Okura not:
Günün 11’i, Türkiye medyasındaki görüş ve yorum çeşitliliğini yansıtmak amacıyla hazırlanmaktadır. Aşağıda özetini bulacağınız yazıya yer vermemiz, içeriğini onayladığımız ve/veya desteklediğimiz anlamına gelmez.
Birkaç gündür yoğunlaşan nefret iklimi bu kez, 2024 yılında 15 yaşındaki Ahmet Mattia Minguzzi’nin akranları tarafından öldürülmesiyle ilgili yaşandı. Bu çok can yakıcı olay, Ahmet Mattia’nin ölümü nasıl engellenirdi sorusunu sormak, fail konumundaki çocukların nasıl bu kadar şiddetle buluşabildiğini tartışmak yerine müebbete varan cezalandırıcı söylemlerle bir kere daha gölgelendi, olaya ilişkin hakikat görünmez oldu.
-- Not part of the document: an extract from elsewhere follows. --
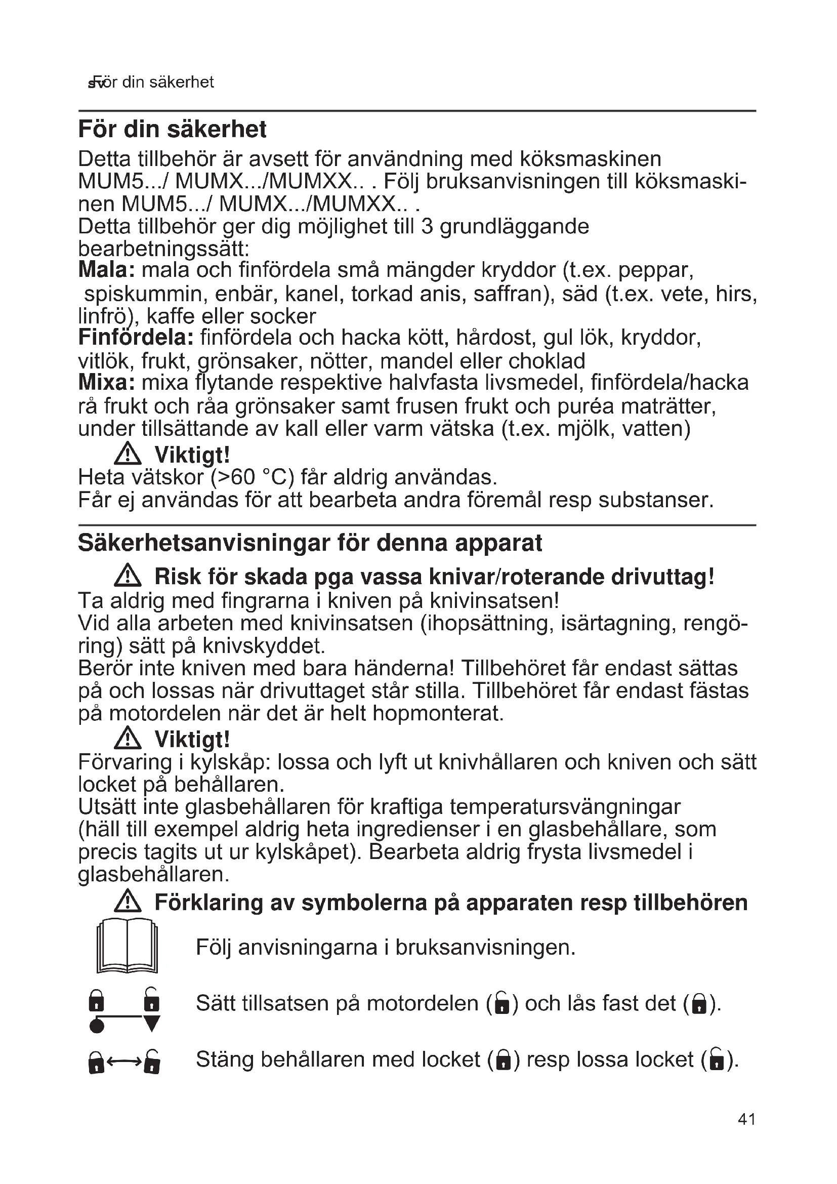 För din säkerhet Detta tillbehör är avsett för användning med köksmaskinen MUM5.../ MUMX.../MUMXX.. . Följ bruksanvisningen till köksmaski nen MUM5.../ MUMX.../MUMXX.. . Detta tillbehör ger dig möjlighet till 3 grundläggande bearbetningssätt: Mala: mala och nfördela små mängder kryddor (t.ex. peppar, spiskummin, enbär, kanel, torkad anis, saffran), säd (t.ex. vete, hirs, linfrö), kaffe eller socker Finfördela: nfördela och hacka kött, hårdost, gul lök, kryddor, vitlök, frukt, grönsaker, nötter, mandel eller choklad Mixa: mixa ytande respektive halvfasta livsmedel, nfördela/hacka rå frukt och råa grönsaker samt frusen frukt och puréa maträtter, under tillsättande av kall eller varm vätska (t.ex. mjölk, vatten) W Viktigt! Heta vätskor (>60 °C) får aldrig användas. Får ej användas för att bearbeta andra föremål resp substanser. Säkerhetsanvisningar för denna apparat W Risk för skada pga vassa knivar/roterande drivuttag! Ta aldrig med ngrarna i kniven på knivinsatsen! Vid alla arbeten med knivinsatsen (ihopsättning, isärtagning, rengö ring) sätt på knivskyddet. Berör inte kniven med bara händerna! Tillbehöret får endast sättas på och lossas när drivuttaget står stilla. Tillbehöret får endast fästas på motordelen när det är helt hopmonterat. W Viktigt! Förvaring i kylskåp: lossa och lyft ut knivhållaren och kniven och sätt locket på behållaren. Utsätt inte glasbehållaren för kraftiga temperatursvängningar (häll till exempel aldrig heta ingredienser i en glasbehållare, som precis tagits ut ur kylskåpet). Bearbeta aldrig frysta livsmedel i glasbehållaren. W Förklaring av symbolerna på apparaten resp tillbehören

Oysa Türkiye, Birleşmiş Milletler Çocuk Hakları Sözleşmesi’ne taraf bir ülke. Ve bu sözleşmenin yaklaşımına göre; eğer bir çocuk suça karışmışsa, bu durum o çocuğun öncesinde ciddi hak ihlallerine maruz kaldığının göstergesidir. Çocuk hakları savunucularının da sıkça vurguladığı gibi ‘suça karışan çocuk’ bir sonuçtur, bir başlangıç değil. Dolayısıyla BM Çocuk Hakları Sözleşmesi başta kamu idaresi olmak üzere hepimizi “Bu çocuk neden suça karıştı? Hangi koşullar onu bu noktaya getirdi?” sorularını sormakla yükümlü kılar.
Ahmet Mattia Minguzzi’nin ölümü, tıpkı diğer çocuk ölümleri gibi önlenebilirdi. Ve bu sorumluluk BM Çocuk Hakları Sözleşmesi’ne göre devlete aittir. Devletler, çocukların suçla ve suç örgütleriyle bağ kurmaması için önleyici sosyal politikaları hayata geçirmekle yükümlüdür. Ama ne yazık ki derinleşen eşitsizlik, adaletsizlik, umutsuzluk ve ekonomik çıkışsızlık çocukları ya çalışırken de sokakta yürürken de, okul ya da evdeyken de tehlikeye açık hale getiriyor, ya da onları ‘tehlike’ olarak gösteren bir zemin yaratıyor.